Current through Register Vol. 48, No. 38, September 20, 2024
This Section establishes routine measures for the control of
notifiable diseases, conditions and outbreaks by the Department or local health
authorities and health care providers, and establishes progressive initiatives
to ensure that appropriate measures are implemented to control the spread and
occurrence of notifiable diseases, conditions and outbreaks.
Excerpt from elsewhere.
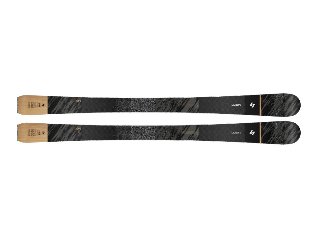Sandwichové provedení, polyamidová vrchní fólie, 2x biaxiální a 1x triaxiální prepregová nosná vrstva, výztuha, dřevěné jádro, bočnice ABS, ocelové hrany, sintrovaná (závodní) skluznice.

This Section does
not apply to infectious or non-infectious diseases and conditions for which
reporting requirements are specified elsewhere in the Illinois Administrative
Code, such as sexually transmissible infections, which are regulated under the
Control of Sexually Transmissible Infections Code, the HIV/AIDS Confidentiality
and Testing Code, and the Perinatal HIV Prevention Code.
a) Investigation
1)
The Department of Public Health
shall investigate the causes of contagious, or
dangerously contagious, or infectious diseases,
especially when existing in epidemic form, and take means to restrict and
suppress the same, and whenever such disease becomes, or threatens to become,
epidemic in any locality and the local board of health or local authorities
neglect or refuse to enforce efficient measures for its restriction or
suppression or to act with sufficient promptness or efficiency, or whenever the
local board of health or local authorities neglect or refuse to promptly
enforce efficient measures for the restriction or suppression of dangerously
contagious or infectious diseases, the Department of Public Health may enforce
such measures as it deems necessary to protect the public health, and all
necessary expenses so incurred shall be paid by the locality for which services
are rendered. (Section 2(a) of the Act)
2) The Department shall make
investigations and inquiries with respect to the causes of disease,
health conditions, and death; investigate the effect of environment,
including conditions of employment and other conditions that may affect health;
and to make other investigations that it may deem necessary for the
preservation and improvement of health. (Section 510 of the Public
Health Powers and Duties Law)
3)
Each case or cluster of a notifiable disease or condition shall be investigated
to determine the source, where feasible. Findings of the investigation shall be
reported as specified under the Section of this Part applicable to each
specific disease.
4) The Department
or local health authority may investigate the occurrence of cases, suspect
cases, or carriers of diseases or conditions or unusual disease or condition
occurrences in a public or private place for the purposes of verifying the
existence of a disease or condition; ascertaining the source of the disease or
condition-causing agent; identifying unreported cases; locating and evaluating
contacts of cases and suspect cases; identifying those at risk of disease or
the condition; determining necessary control measures, including isolation and
quarantine; and informing the public if necessary.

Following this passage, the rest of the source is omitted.